§ Problem to solve: Find the line with "Sur le cadran, un" in the entries below. Repeat it, every following line, and the line with "詹其文教授(右一)、陈建老师(右三)与李学欣老师(右二)点评学生汇报", exactly and with nothing added.

Input data: Begin

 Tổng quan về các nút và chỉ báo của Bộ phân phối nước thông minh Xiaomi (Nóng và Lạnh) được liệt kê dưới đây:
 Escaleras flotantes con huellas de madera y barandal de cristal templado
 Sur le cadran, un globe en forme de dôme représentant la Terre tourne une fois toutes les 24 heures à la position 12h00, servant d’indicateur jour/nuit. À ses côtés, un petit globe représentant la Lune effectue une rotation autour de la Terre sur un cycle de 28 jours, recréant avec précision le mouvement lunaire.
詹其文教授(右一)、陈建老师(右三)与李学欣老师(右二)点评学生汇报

Input data: End
Input data: Begin

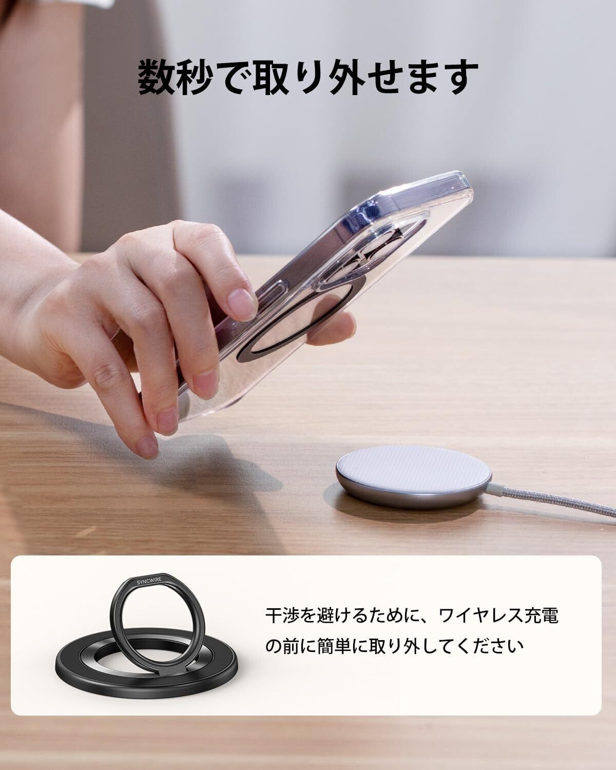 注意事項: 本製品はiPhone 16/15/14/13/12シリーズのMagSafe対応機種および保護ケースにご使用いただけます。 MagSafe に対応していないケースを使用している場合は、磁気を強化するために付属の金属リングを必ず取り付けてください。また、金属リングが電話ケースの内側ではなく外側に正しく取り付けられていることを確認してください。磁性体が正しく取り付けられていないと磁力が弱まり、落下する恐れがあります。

Input data: End
Input data: Begin

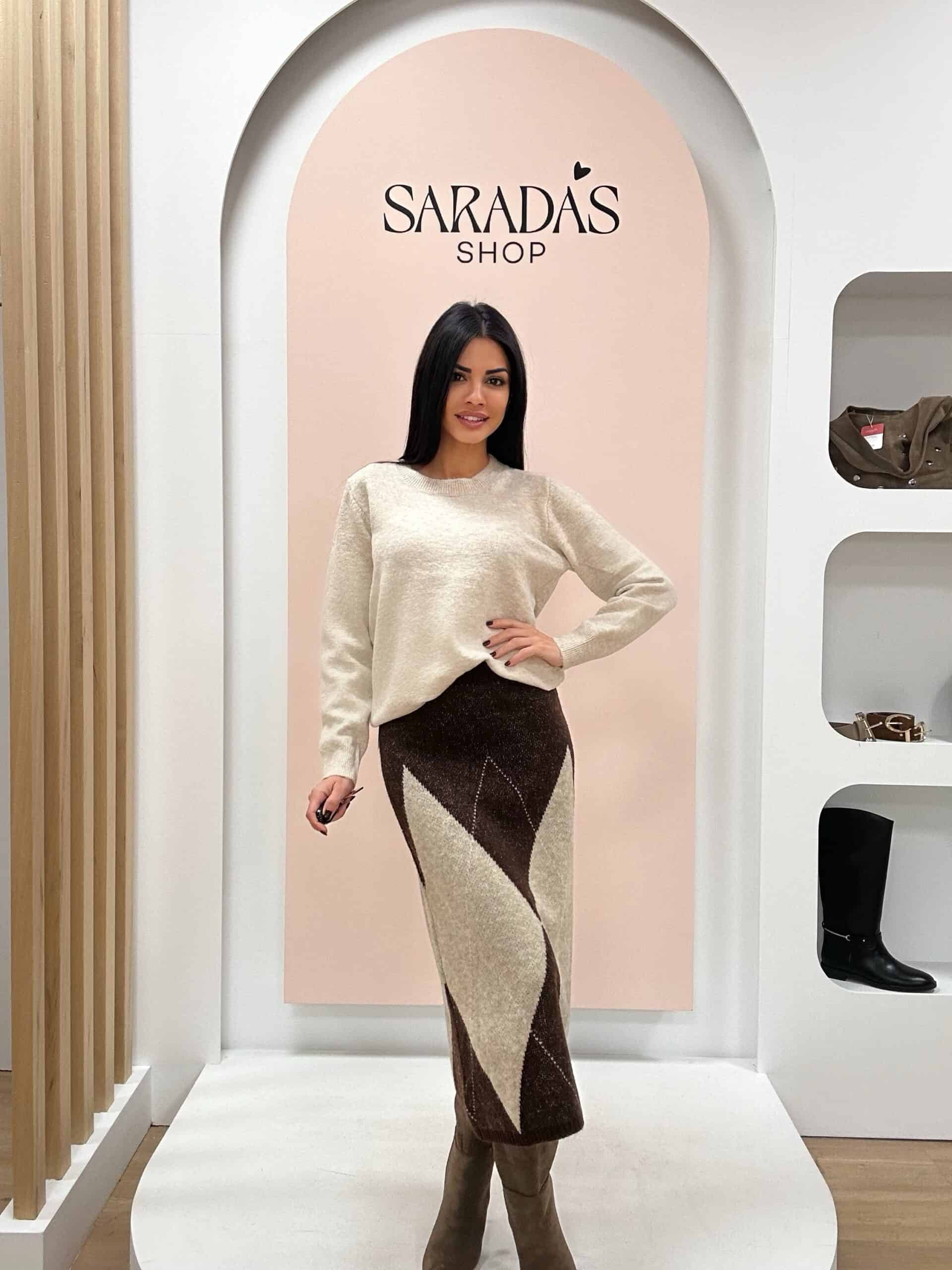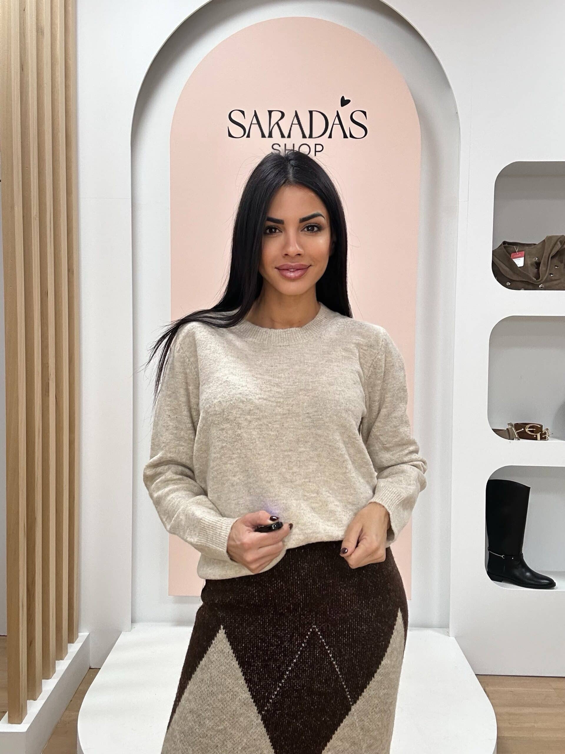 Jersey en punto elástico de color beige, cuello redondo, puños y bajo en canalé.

Input data: End

§ Output of the exercise:
 Sur le cadran, un globe en forme de dôme représentant la Terre tourne une fois toutes les 24 heures à la position 12h00, servant d’indicateur jour/nuit. À ses côtés, un petit globe représentant la Lune effectue une rotation autour de la Terre sur un cycle de 28 jours, recréant avec précision le mouvement lunaire.
詹其文教授(右一)、陈建老师(右三)与李学欣老师(右二)点评学生汇报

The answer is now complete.